§ **TRY IT**:
Write out the full listing exactly as given, minus the images.

§ **DATA PROVIDED**:
--------------------

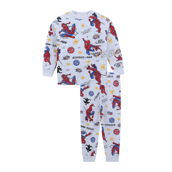 Пижама для мальчиков, состоящая из толстовки и брюк, выполнена из мягкой и эластичной ткани, содержащей хлопка и эластана. Пижама серого цвета украшены ярким и динамичным принтом с изображениями Человека-паука и тематическими надписями, что придает изделию привлекательный и современный вид. Толстовка имеет классический крой с длинными рукавами и манжетами, обеспечивая комфорт и свободу движений. Брюки оснащены эластичным поясом и манжетами на щиколотках, что гарантирует удобную посадку и сохранение тепла.
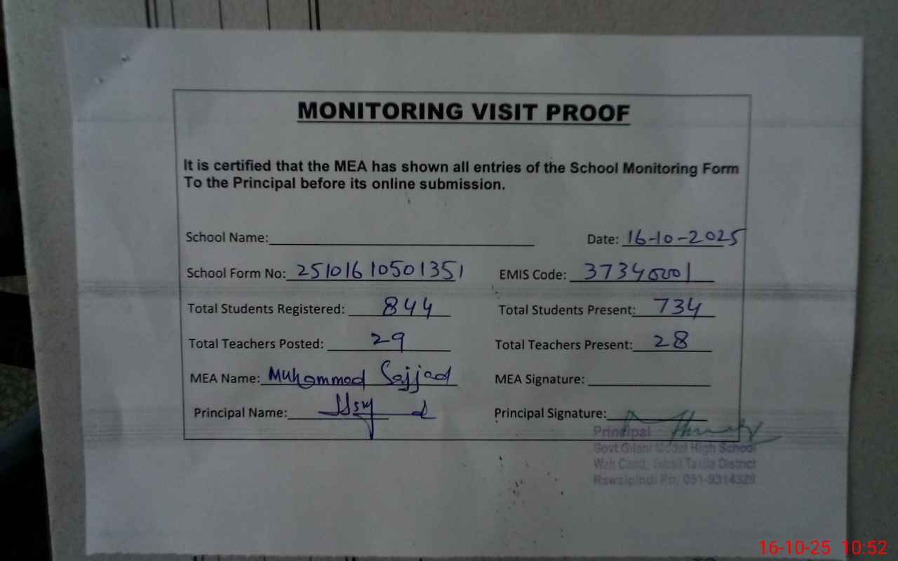| EMIS Code: 37340001 | Name of School: GHS GELLANI MODEL WAH CANTT | |||
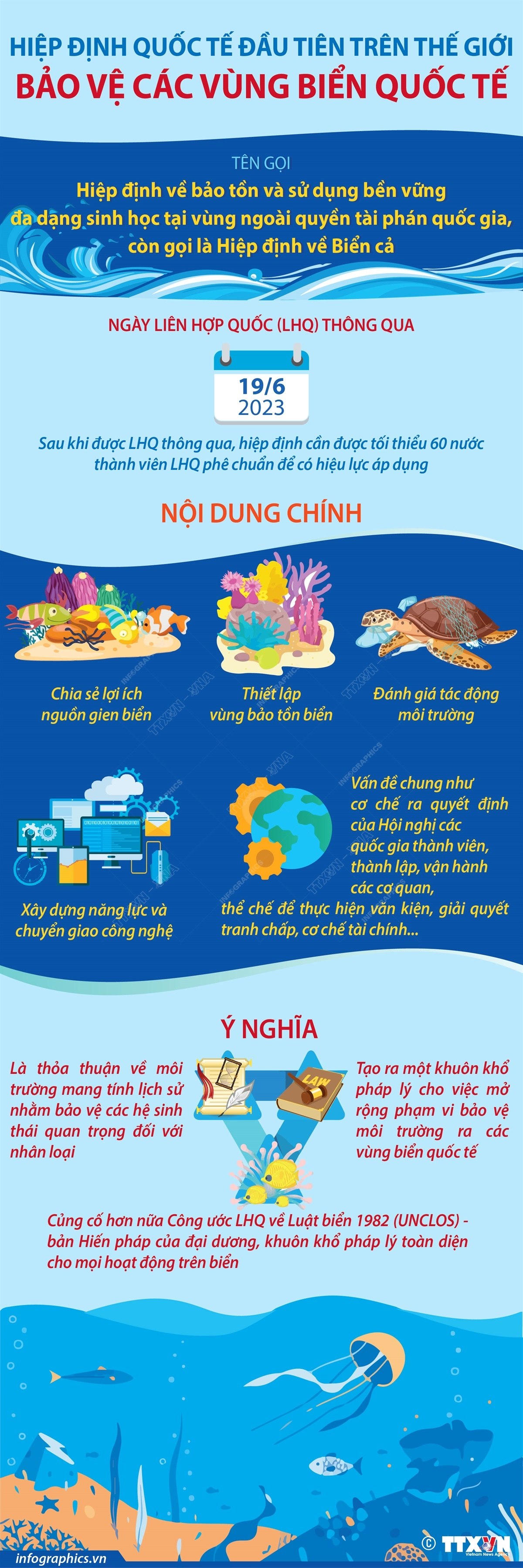 Hiệp định quốc tế đầu tiên trên thế giới bảo vệ các vùng biển quốc tế - với tên gọi Hiệp định về bảo tồn và sử dụng bền vững đa dạng sinh học tại vùng ngoài quyền tài phán quốc gia, còn gọi là Hiệp định về Biển cả - đã được thông qua tại Liên hợp quốc (LHQ) ngày 19/6/2023. Đây là một thỏa thuận về môi trường mang tính lịch sử được xây dựng nhằm bảo vệ các hệ sinh thái quan trọng đối với nhân loại. Đa số các nước đã hoan nghênh và ủng hộ mạnh mẽ việc thông qua hiệp định và thể hiện ý định sớm ký và phê chuẩn để hiệp định sớm có hiệu lực, được thực thi đầy đủ và hiệu quả.

--------------------

§ **PROBLEM SOLUTION**:
 Пижама для мальчиков, состоящая из толстовки и брюк, выполнена из мягкой и эластичной ткани, содержащей хлопка и эластана. Пижама серого цвета украшены ярким и динамичным принтом с изображениями Человека-паука и тематическими надписями, что придает изделию привлекательный и современный вид. Толстовка имеет классический крой с длинными рукавами и манжетами, обеспечивая комфорт и свободу движений. Брюки оснащены эластичным поясом и манжетами на щиколотках, что гарантирует удобную посадку и сохранение тепла.
| EMIS Code: 37340001 | Name of School: GHS GELLANI MODEL WAH CANTT | |||
 Hiệp định quốc tế đầu tiên trên thế giới bảo vệ các vùng biển quốc tế - với tên gọi Hiệp định về bảo tồn và sử dụng bền vững đa dạng sinh học tại vùng ngoài quyền tài phán quốc gia, còn gọi là Hiệp định về Biển cả - đã được thông qua tại Liên hợp quốc (LHQ) ngày 19/6/2023. Đây là một thỏa thuận về môi trường mang tính lịch sử được xây dựng nhằm bảo vệ các hệ sinh thái quan trọng đối với nhân loại. Đa số các nước đã hoan nghênh và ủng hộ mạnh mẽ việc thông qua hiệp định và thể hiện ý định sớm ký và phê chuẩn để hiệp định sớm có hiệu lực, được thực thi đầy đủ và hiệu quả.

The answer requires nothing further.